Plan 0053: Model Capability Requirements in Skill Specs

Problem

Skills declare what they do, what they read and write, and what they depend on. They do not declare what agent capability they require.

This is a gap: interpret-message requires a model capable of multi-step reasoning across ambiguous natural language input. A 3B quantized model cannot reliably execute it. The skill spec has no way to encode this requirement, so an agent routing interpret-message to qwen2.5:3b would produce degraded output with no warning.

As local models are used for more operations (plan 0054), routing by capability becomes critical. Without a capability field in skill specs, we cannot prevent a 0.5B classification model from attempting a reasoning task designed for a 20B+ model.

Goal

Extend the skill spec system to allow skills to declare minimum model capability requirements. Agents and scripts must check these requirements before routing work to a model.

Approach

1. Define a capability taxonomy

Capability is not just parameter count. A well-chosen 7B reasoning model can outperform a poorly-chosen 13B model on specific tasks. The taxonomy should be task-based, not parameter-based:

Capability levelDescriptionExample models
trivialKeyword extraction, format detection, simple classificationqwen2.5-0.5b, qwen3:1.7b
classificationMulti-label classification, tag generation, type inferenceqwen2.5:3b, phi4-mini
extractionStructured output, entity extraction, frontmatter generationqwen2.5:7b, mistral-7b
generationCoherent prose, summarization, definition writingqwen2.5:7b, gemma3:12b
reasoningMulti-step inference, contradiction detection, planningdeepseek-r1-7b, claude-sonnet-4
long-contextProcessing documents >8k tokensphi-3-mini-128k
cloud-requiredTasks requiring cloud model quality (final review, editorial)claude-opus-4

2. Add min-capability field to skill frontmatter

Extend the skill specification to include an optional min-capability field:

min-capability: reasoning

Skills without this field are assumed to require trivial capability — they can run on any model.

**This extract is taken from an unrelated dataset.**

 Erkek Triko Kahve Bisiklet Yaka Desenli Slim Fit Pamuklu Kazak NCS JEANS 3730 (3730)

3. Define the skill specification field

Update content/technology/specifications/agential-semioverse-repository/ specifications/skill-specification.md to document the min-capability field, its valid values, and the enforcement semantics.

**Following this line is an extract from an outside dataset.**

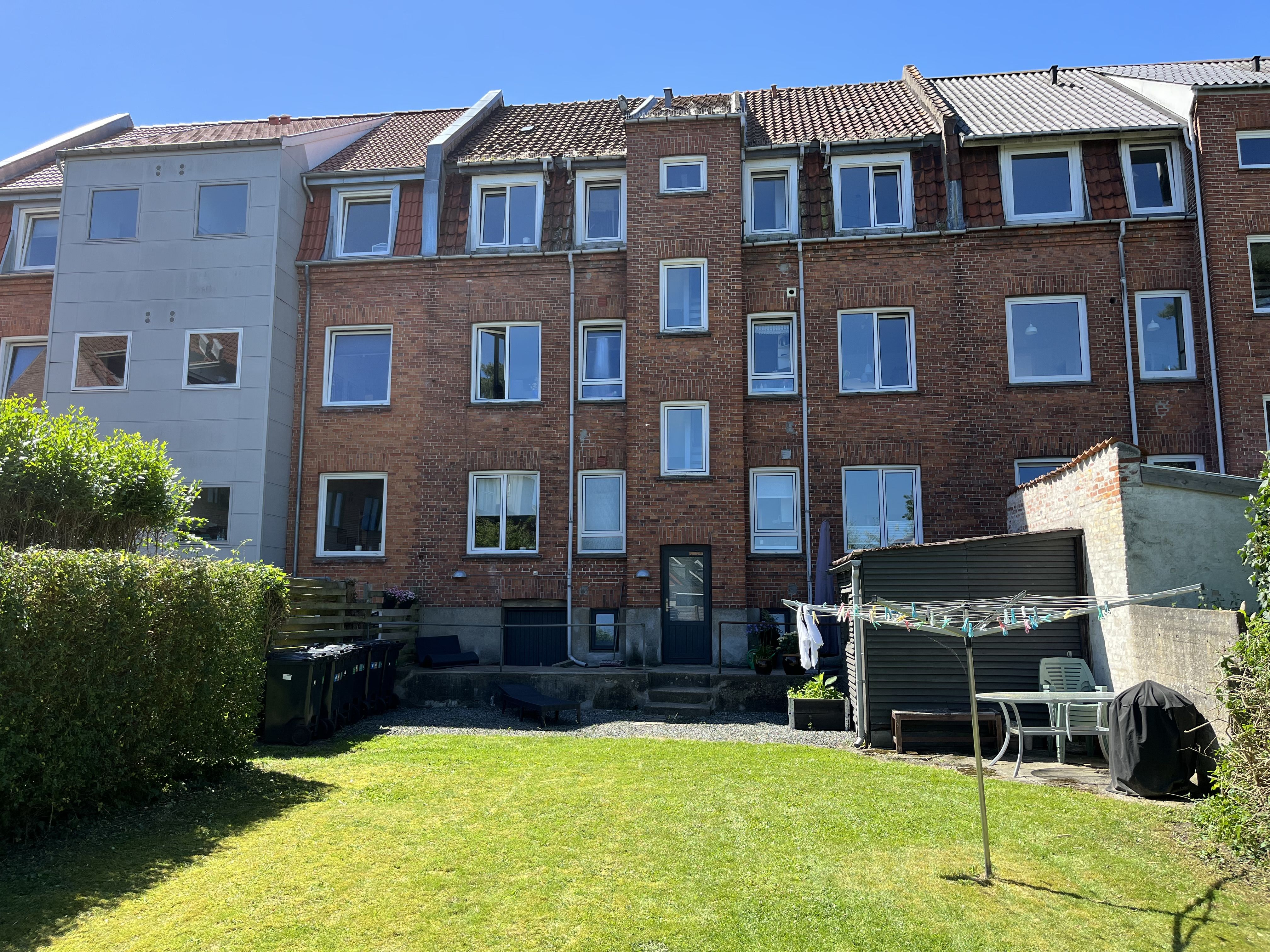 Velkommen til et indbydende og hverdagsvenligt rækkehus på 101 m2 med en funktionel planløsning, tre gode værelser og et stort opholdsrum. Her får du lyse materialer, praktiske detaljer og en rolig ramme om hverdagen – oplagt til par, familie eller som delevenlig bolig med separate værelser og et rummeligt fællesområde. Boligen byder velkommen i en entré med plads til overtøj og opbevaring. Herfra træder du ind i et stort og lyst opholdsrum, hvor stue og køkken ligger i naturlig forlængelse af hinanden. De gennemgående, lyse trægulve og de store vinduespartier giver et behageligt lysindfald, og rummet er nemt at indrette med både spiseplads og sofagruppe. Køkkenet er holdt i lyse elementer med flisebagvæg og byder på god skabsplads, integreret ovn og kogeplade samt et rummeligt køle-/fryseskab – alt sammen i et enkelt, tidløst udtryk, der gør det let at indrette. Fra stuen er der udgang til en altan, hvor du kan nyde dagens lys og få en grøn plantekrog eller en lille caféplads. Altanen giver boligen et ekstra uderum i hverdagen. Rækkehuset rummer tre separate værelser, der alle fremstår lyse og indretningsvenlige. Det største værelse har indbyggede skabe med skydelåger, mens de øvrige værelser er oplagte som børneværelse, hjemmekontor eller ekstra soveværelse – også ideelt, hvis I ønsker at dele boligen. Badeværelset er rummeligt med lyse fliser, bruseniche i plan, vindue for naturlig udluftning samt stor vask med underskabe og spejl med belysning. Der er desuden forberedt til vaskemaskine, så de praktiske opgaver klares hjemme. Opbevaringsbehovet er godt dækket med skabe i flere rum og et tilhørende depotrum, som giver ekstra plads til sæsonopbevaring og hverdagens ting. Husdyr er tilladt efter aftale, og der er mulighed for parkering ved ejendommen. Beliggenheden gør hverdagen nem. Du har flere busforbindelser helt tæt på, så pendling er ligetil. Indkøb klares i nærområdet med både supermarked, dagligvarebutik og bager, og der er kort vej til skole og daginstitutioner. Fritiden kan bruges i det lokale fitnesscenter eller på de nærliggende idrætsfaciliteter, og du har samtidig gode grønne åndehuller i området. Alt i alt et lyst og funktionelt rækkehus med altan, delevenlig planløsning og praktiske faciliteter, der gør hverdagen lettere – klar til at danne rammen om dit næste hjem. Kontakt os for en fremvisning.

4. Update the skill registry

The skill registry (.claude/skills/registry.md) should include a min-capability column so agents can read capability requirements without opening individual skill files.

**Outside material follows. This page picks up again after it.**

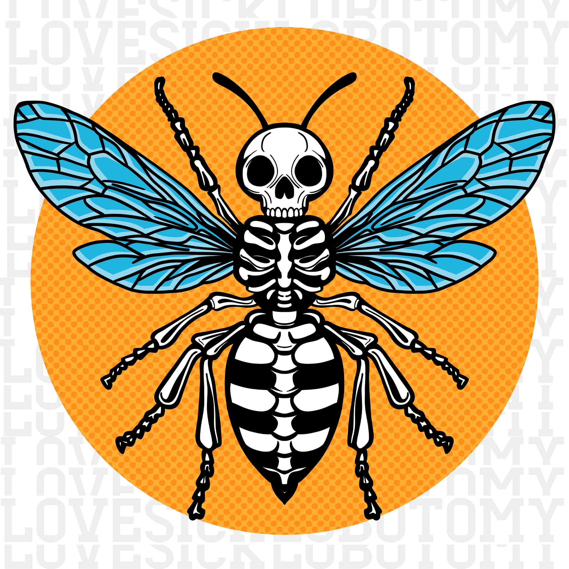 Add a touch of bold, dark art to your projects with this Skeleton Bee digital artwork. Featuring a skeletonized bee with vibrant blue wings on a bright orange background, this high-quality design is perfect for a range of creative uses.

5. Update routing in interpret-message and MCP tools

The interpret-message skill (and the MCP delegate_task tool) should check min-capability against the available model before dispatching.

For MCP delegate_task: if the caller supplies a model argument, validate it against the skill’s min-capability. If the model is insufficient, return an error with the minimum requirement rather than running with a degraded model.

6. Update local_llm.suggest_model()

Add a min_capability parameter to suggest_model() that filters out models below the required capability level:

suggest_model(task="classification", min_capability="extraction")

7. Annotate existing skills

After the spec is written, do a pass over all skills in the registry and add min-capability where the default (trivial) is wrong:

  • interpret-messagereasoning
  • make-specificationreasoning
  • enrich-triage (inference path) → classification
  • mine-triage-relevanceclassification
  • write-advisory-reportgeneration

Files to create/modify

FileChange
specifications/skill-specification.mdAdd min-capability field
.claude/skills/registry.mdAdd min-capability column
skills/interpret-message/SKILL.mdSet min-capability: reasoning
scripts/local_llm.pyAdd min_capability param to suggest_model()
scripts/mcp-server.pyAdd capability check in delegate_task

Not in scope

  • Automatic model selection based on capability (that is suggest_model’s job — this plan only adds the declaration layer)
  • Fine-grained benchmarks of specific models against specific tasks
  • Hardware-aware capability declaration (NPU vs CPU)

Log

  • 2026-03-08: Plan created. Captures the need identified when emsenn noted that interpret-message requires 20B+ reasoning but the skill spec provides no way to encode this constraint.